This phase sets the foundation by ensuring your data is clean, well-structured, and ready to be fed into the model.

---

### Load the data

In [None]:
import sys
sys.path.insert(0,'../')

from transformers import AutoTokenizer

from Pipeline.data_retrieving.HuggingFace_DataRetriever import *
from Pipeline.preprocessing.text_summarization_Preprocessor import *

In [None]:
huggingface_dataset_name = "knkarthick/dialogsum"

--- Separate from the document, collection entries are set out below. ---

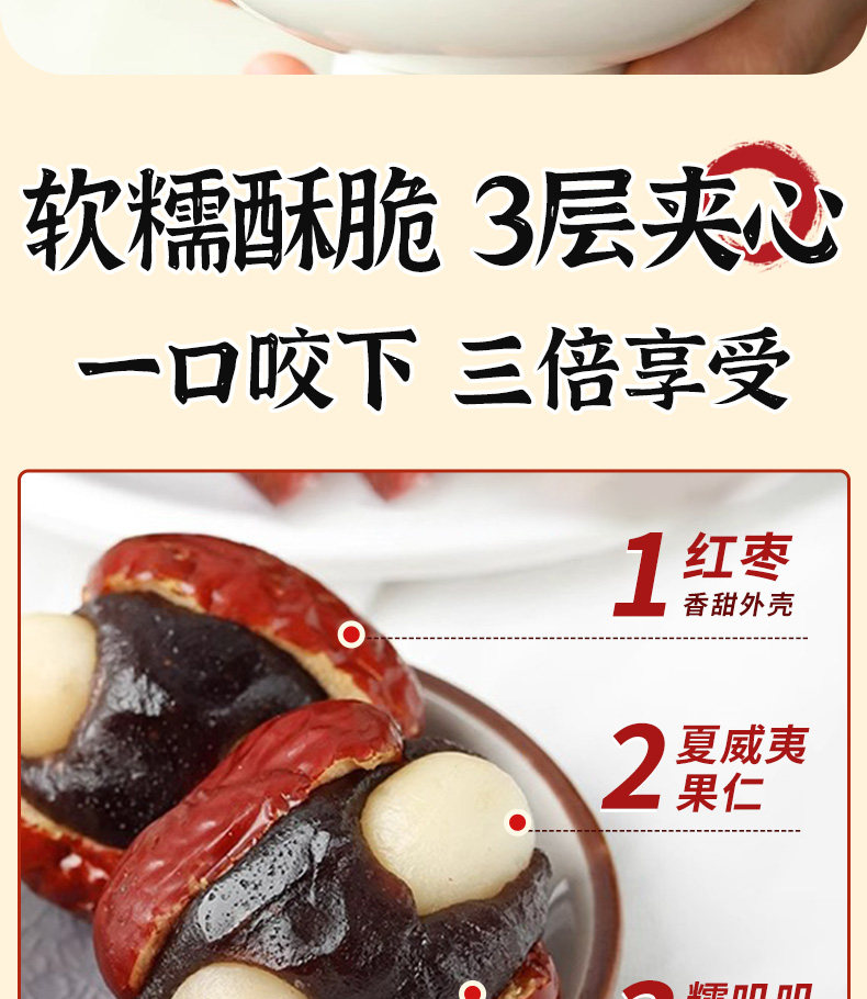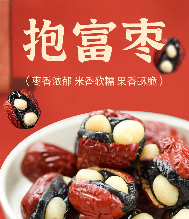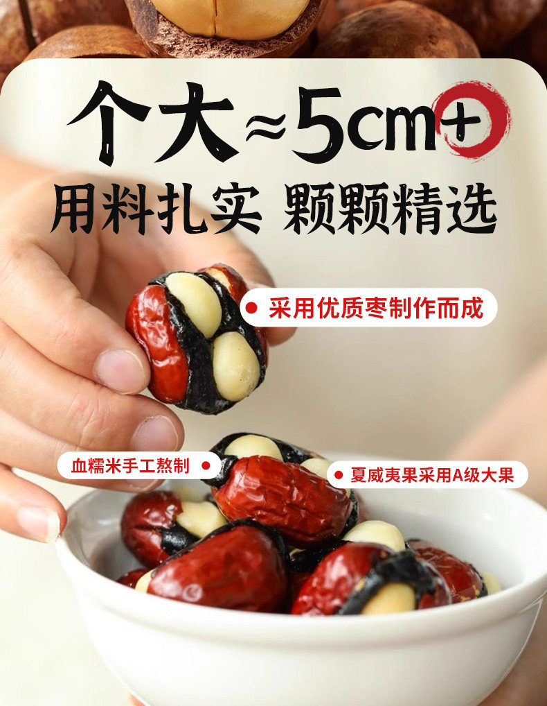 抱富暴富枣纯手制作红枣夹血糯米报抱抱枣子零食健康夏威夷果
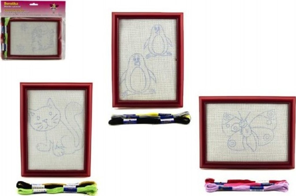 Kreativní set na vyšívání pro všechny šikovné holčičky a malé švadlenky. Sada obsahuje plastový rámeček s napnutým plátýnkem s předtištěným obrázkem. Sada v několika barevných kombinacích bavlnek a rámu, a v několika motivech obrázku.
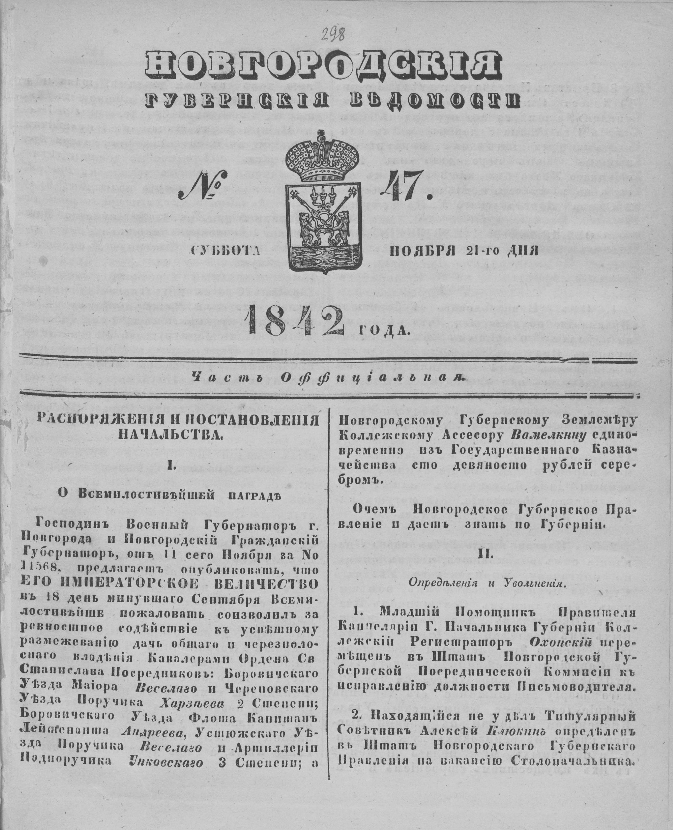 НОВГОРОДСКИЕ ГУБЕРНСКИЕ ВЕДОМОСТИ
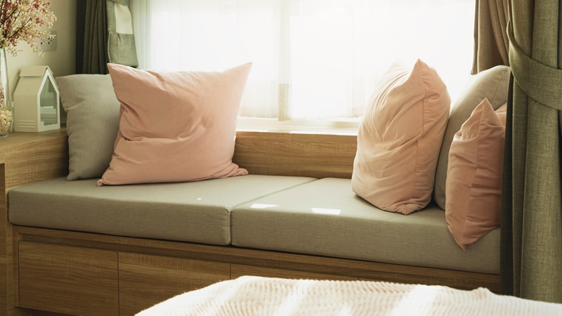 - When building new units or renovating existing apartments, create built-in window seating with hidden storage
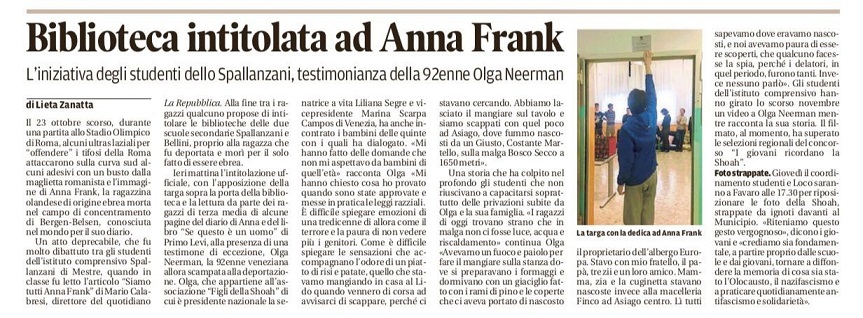 Biblioteche Scuola Secondaria – Dedicazione ad Anna Frank
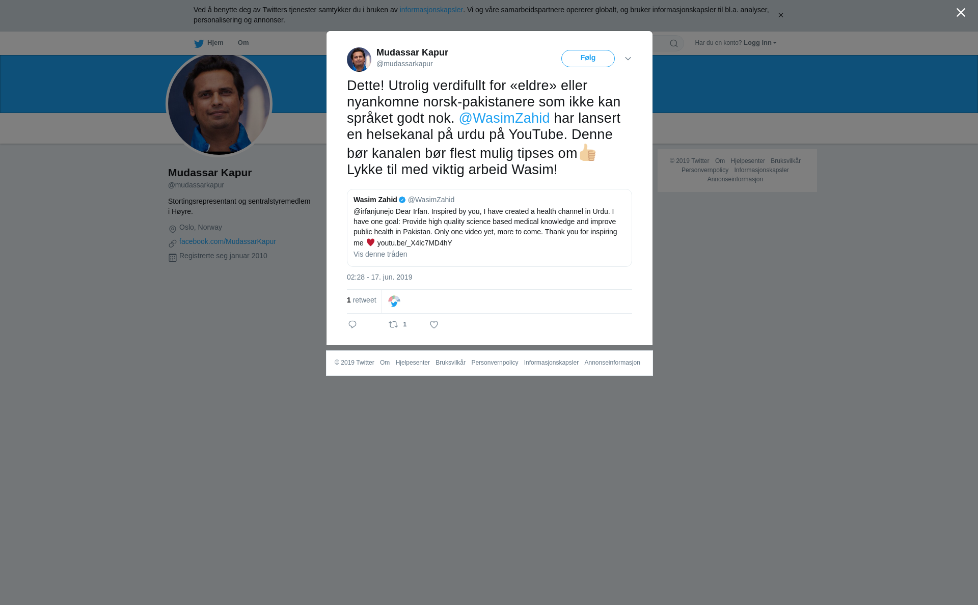 Dette! Utrolig verdifullt for «eldre» eller nyankomne norsk-pakistanere som ikke kan språket godt nok. @WasimZahid har lansert en helsekanal på urdu på YouTube. Denne bør kanalen bør flest mulig tipses om👍🏼 Lykke til med viktig arbeid Wasim!

data_retriever = HuggingFace_DataRetriever(huggingface_dataset_name)
dataset = data_retriever.retrieve_data()

In [None]:
# divide in train, test and validation set
train_set, test_set, validation_set = dataset['train'].to_pandas(), dataset['test'].to_pandas(), dataset['validation'].to_pandas()

---

### Preprocess the dataset

In [None]:
# define the model that will be used, in this project it will be Flan-T5-base
model_name='google/flan-t5-base'

In [None]:
# initialize the tokenizer
tokenizer = AutoTokenizer.from_pretrained(model_name)

In [None]:
input_preprocessing_params = {
    'tokenizer': AutoTokenizer.from_pretrained(model_name)
}

output_preprocessing_params = {
    'tokenizer': AutoTokenizer.from_pretrained(model_name)
}

preprocessor = TextSummarizationPreprocessor(input_preprocessing_params, output_preprocessing_params)

In [None]:
# preprocess the training set
tokenized_training_inputs = preprocessor.preprocess_input_data(train_set['dialogue'])
tokenized_training_outputs = preprocessor.preprocess_output_data(train_set['summary'])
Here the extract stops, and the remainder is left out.